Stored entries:
......

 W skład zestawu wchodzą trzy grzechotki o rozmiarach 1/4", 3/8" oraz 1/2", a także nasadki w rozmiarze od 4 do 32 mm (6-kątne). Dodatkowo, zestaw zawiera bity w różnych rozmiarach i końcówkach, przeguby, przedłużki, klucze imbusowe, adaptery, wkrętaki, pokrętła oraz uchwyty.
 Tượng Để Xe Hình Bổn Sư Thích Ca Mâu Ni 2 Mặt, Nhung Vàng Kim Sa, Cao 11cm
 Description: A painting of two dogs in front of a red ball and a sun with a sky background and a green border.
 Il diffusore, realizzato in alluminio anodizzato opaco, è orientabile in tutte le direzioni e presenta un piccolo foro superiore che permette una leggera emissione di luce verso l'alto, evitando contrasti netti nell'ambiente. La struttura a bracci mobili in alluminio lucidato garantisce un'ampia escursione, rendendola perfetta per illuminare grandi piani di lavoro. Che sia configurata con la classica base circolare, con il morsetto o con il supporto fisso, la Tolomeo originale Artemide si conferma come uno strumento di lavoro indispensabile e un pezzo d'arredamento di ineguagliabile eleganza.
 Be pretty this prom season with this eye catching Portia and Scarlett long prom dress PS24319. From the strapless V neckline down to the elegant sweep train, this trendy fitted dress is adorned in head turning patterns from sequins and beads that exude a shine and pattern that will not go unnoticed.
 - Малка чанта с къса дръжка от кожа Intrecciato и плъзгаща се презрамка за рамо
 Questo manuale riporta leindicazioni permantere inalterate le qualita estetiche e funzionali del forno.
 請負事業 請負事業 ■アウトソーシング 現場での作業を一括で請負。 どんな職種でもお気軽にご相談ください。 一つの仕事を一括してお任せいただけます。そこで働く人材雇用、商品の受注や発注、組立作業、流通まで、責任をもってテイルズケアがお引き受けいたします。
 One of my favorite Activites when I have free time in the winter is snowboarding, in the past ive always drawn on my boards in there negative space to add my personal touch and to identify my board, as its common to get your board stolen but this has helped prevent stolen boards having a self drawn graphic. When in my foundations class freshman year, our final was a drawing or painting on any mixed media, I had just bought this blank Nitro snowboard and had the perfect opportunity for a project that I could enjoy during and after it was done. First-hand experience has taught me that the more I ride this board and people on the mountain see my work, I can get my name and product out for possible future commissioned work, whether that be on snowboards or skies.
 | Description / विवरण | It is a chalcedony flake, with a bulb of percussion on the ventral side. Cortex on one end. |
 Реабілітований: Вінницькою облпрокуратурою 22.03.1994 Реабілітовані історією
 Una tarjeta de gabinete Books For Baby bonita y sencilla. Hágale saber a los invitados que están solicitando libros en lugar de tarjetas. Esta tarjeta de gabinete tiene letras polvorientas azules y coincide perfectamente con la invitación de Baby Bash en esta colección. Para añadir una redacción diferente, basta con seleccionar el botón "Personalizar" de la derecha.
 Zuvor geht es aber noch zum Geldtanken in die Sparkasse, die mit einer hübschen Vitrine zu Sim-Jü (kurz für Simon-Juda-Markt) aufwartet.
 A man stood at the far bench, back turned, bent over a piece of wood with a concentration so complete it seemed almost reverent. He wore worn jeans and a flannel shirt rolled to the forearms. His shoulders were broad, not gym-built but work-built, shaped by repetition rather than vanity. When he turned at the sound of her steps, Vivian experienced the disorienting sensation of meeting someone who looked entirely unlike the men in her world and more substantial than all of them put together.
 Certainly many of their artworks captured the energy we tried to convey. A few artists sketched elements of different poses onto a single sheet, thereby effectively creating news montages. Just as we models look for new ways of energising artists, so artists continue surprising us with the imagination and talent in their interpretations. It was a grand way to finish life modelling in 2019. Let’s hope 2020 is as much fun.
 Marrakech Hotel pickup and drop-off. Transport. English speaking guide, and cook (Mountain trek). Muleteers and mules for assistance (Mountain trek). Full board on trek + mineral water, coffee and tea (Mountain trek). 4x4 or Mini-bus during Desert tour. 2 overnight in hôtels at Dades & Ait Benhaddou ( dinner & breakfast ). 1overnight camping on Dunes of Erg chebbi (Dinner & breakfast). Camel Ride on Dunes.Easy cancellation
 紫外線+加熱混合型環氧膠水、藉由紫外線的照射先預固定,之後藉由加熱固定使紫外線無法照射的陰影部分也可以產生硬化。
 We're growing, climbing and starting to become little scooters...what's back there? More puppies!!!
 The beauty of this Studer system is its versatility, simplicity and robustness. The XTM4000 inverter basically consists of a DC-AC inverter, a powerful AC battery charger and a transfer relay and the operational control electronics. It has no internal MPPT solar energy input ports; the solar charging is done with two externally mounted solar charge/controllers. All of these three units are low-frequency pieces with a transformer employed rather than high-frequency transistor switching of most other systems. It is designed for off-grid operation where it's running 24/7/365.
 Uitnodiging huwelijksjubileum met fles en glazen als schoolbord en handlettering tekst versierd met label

......

Your answer must be the lines above from the one containing "- Малка чанта" to the one containing "Zuvor geht es", both included, restated word for word.

 - Малка чанта с къса дръжка от кожа Intrecciato и плъзгаща се презрамка за рамо
 Questo manuale riporta leindicazioni permantere inalterate le qualita estetiche e funzionali del forno.
 請負事業 請負事業 ■アウトソーシング 現場での作業を一括で請負。 どんな職種でもお気軽にご相談ください。 一つの仕事を一括してお任せいただけます。そこで働く人材雇用、商品の受注や発注、組立作業、流通まで、責任をもってテイルズケアがお引き受けいたします。
 One of my favorite Activites when I have free time in the winter is snowboarding, in the past ive always drawn on my boards in there negative space to add my personal touch and to identify my board, as its common to get your board stolen but this has helped prevent stolen boards having a self drawn graphic. When in my foundations class freshman year, our final was a drawing or painting on any mixed media, I had just bought this blank Nitro snowboard and had the perfect opportunity for a project that I could enjoy during and after it was done. First-hand experience has taught me that the more I ride this board and people on the mountain see my work, I can get my name and product out for possible future commissioned work, whether that be on snowboards or skies.
 | Description / विवरण | It is a chalcedony flake, with a bulb of percussion on the ventral side. Cortex on one end. |
 Реабілітований: Вінницькою облпрокуратурою 22.03.1994 Реабілітовані історією
 Una tarjeta de gabinete Books For Baby bonita y sencilla. Hágale saber a los invitados que están solicitando libros en lugar de tarjetas. Esta tarjeta de gabinete tiene letras polvorientas azules y coincide perfectamente con la invitación de Baby Bash en esta colección. Para añadir una redacción diferente, basta con seleccionar el botón "Personalizar" de la derecha.
 Zuvor geht es aber noch zum Geldtanken in die Sparkasse, die mit einer hübschen Vitrine zu Sim-Jü (kurz für Simon-Juda-Markt) aufwartet.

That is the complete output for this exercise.